Humans are usually specialists.
Within automation and robotics scheduling problems are frequent, and
here the skills of the processors can often be clearly defined.
\vspace{5mm}
We next give an overview of the report.
In the following section the allocation problem is described and analyzed in
detail, and transformed to a mathematical problem.
In section 5 we give a full formulation of the mathematical problem and
introduce necessary notation.
In section 6 the formulas for the program dependent performance functions
$g(n,k,u,q)$ and $s(n,v,u,q)$ are stated and proved. Basic
properties of the function $g(n,k,u,q)$ are also established here.
Section 7 deals with the general performance function $G(k,u,q)$.
The report is concluded with a graphics section. The purpose of
this section is twofold: to show the performance functions quantitatively
and geometrically, and to suggest how the functions can be used
to get optimal aid in multiprocessor design decisions.
\section{From programs to matrices}
A program $P$ consists of $n$ processes of possibly very different
execution times. The processes are of course usually dependent of each other.
One can expect dependencies of the type that process $i$ cannot
execute further at the time point $t_i$ unless process
$j$ has reached the time point $t_j$. When process $j$ has
reached the time point $t_j$
it is said to execute a synchronizing signal to process $i$,
restarting this process. Certainly there can be many synchronizing signals
to a time point $t_j$, in which case all have to be executed before
the process restarts.
The execution time of synchronizing signals is neglected.

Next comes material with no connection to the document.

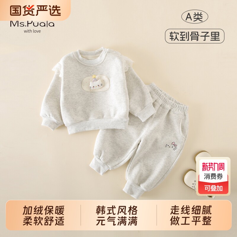 Ms.Puala女童宝宝套装加绒卫衣裤童装婴幼儿秋冬舒适两件套韩版
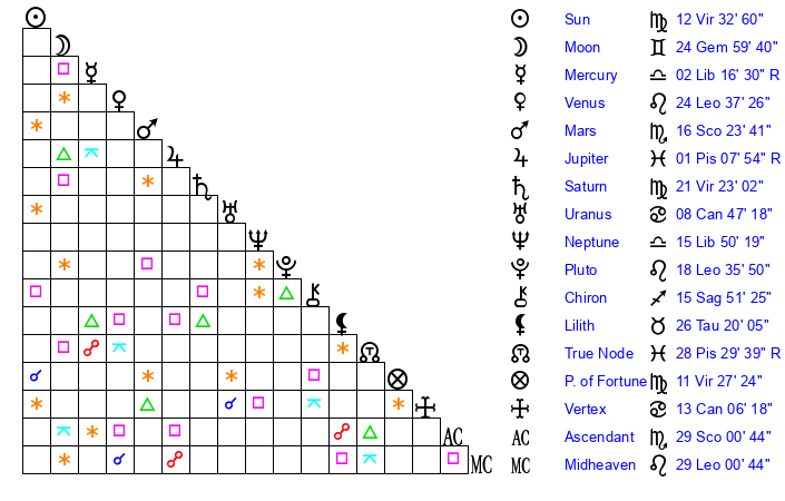 | Sun | 12 Virgo 33 | 13 Virgo 23 | 26 Scorpio 48 |

Most parallel programs contain many synchronizing signals. In this
report any set of synchronization signals is allowed,
% LLU-start
% .
% Our only assumption is the obvious one - that the program is executable.
% We allow any set of synchronizing signals,
% LLU-end
except those which include a deadlock.
Thus a parallel program $P$ of $n$ processes is defined by the total execution
times of the $n$ processes and by the set of synchronizing signals.
Now consider a parallel program $P$. Assume that we have found an optimal dynamic
allocation, with execution time $T_d(P,q)$. This optimal dynamic allocation
will be kept fixed during the entire argument
dealing with the program $P$ and its descendant $P'$.
Next we introduce a discretization
of the time interval in subintervals $(t_i,t_{i+1})$ of equal length, such
that all synchronizing signals, process initiations and process terminations
appear on the time points $t_i$, where
$t_i=\frac{i}{m}T_d(P,q), i=0,...,m$. Obviously
all processes in the interval $(t_{i-1},t_i)$ are completed before
any part of the processes corresponding to the interval $(t_i,t_{i+1})$
when using this allocation, since this is so without the discretization.
Such a discretization is possible if all synchronizing
signals and process terminations occur at rational time points, which we can assume.
Observe that $m$ might be very large even if the program $P$ is small and has a simple structure.
% LLU-start
For the sake of the function $s(n,v,k,u)$, let $v_1,...,v_n$ be the parallel
profile of the program $P$: when having the processes allocated on
separate processors, $i$ processors are active simultanouosly exactly
the share $v_i$ of the total execution time of $P$. The numbers $v_i$
are assumed to be non-negative rational numbers such that
$\sum_{i=1}^{n}v_i=1$. Then $m$ is necessarily a multiple of the smallest
common divisor of the numbers $v_1,...,v_n$. There are integers $x_i=mv_i$
so that exactly $x_i$ intervals have $i$ active processes.
% LLU-end
Consequently, during a time interval $(t_i,t_{i+1})$, no process of the program $P$ starts, and no process stops.
From the program $P$ and for the functions $G$ and $g$,
we next construct another program $P'$
by two changes of the program $P$: we introduce
new synchronizing signals and prolong certain processes.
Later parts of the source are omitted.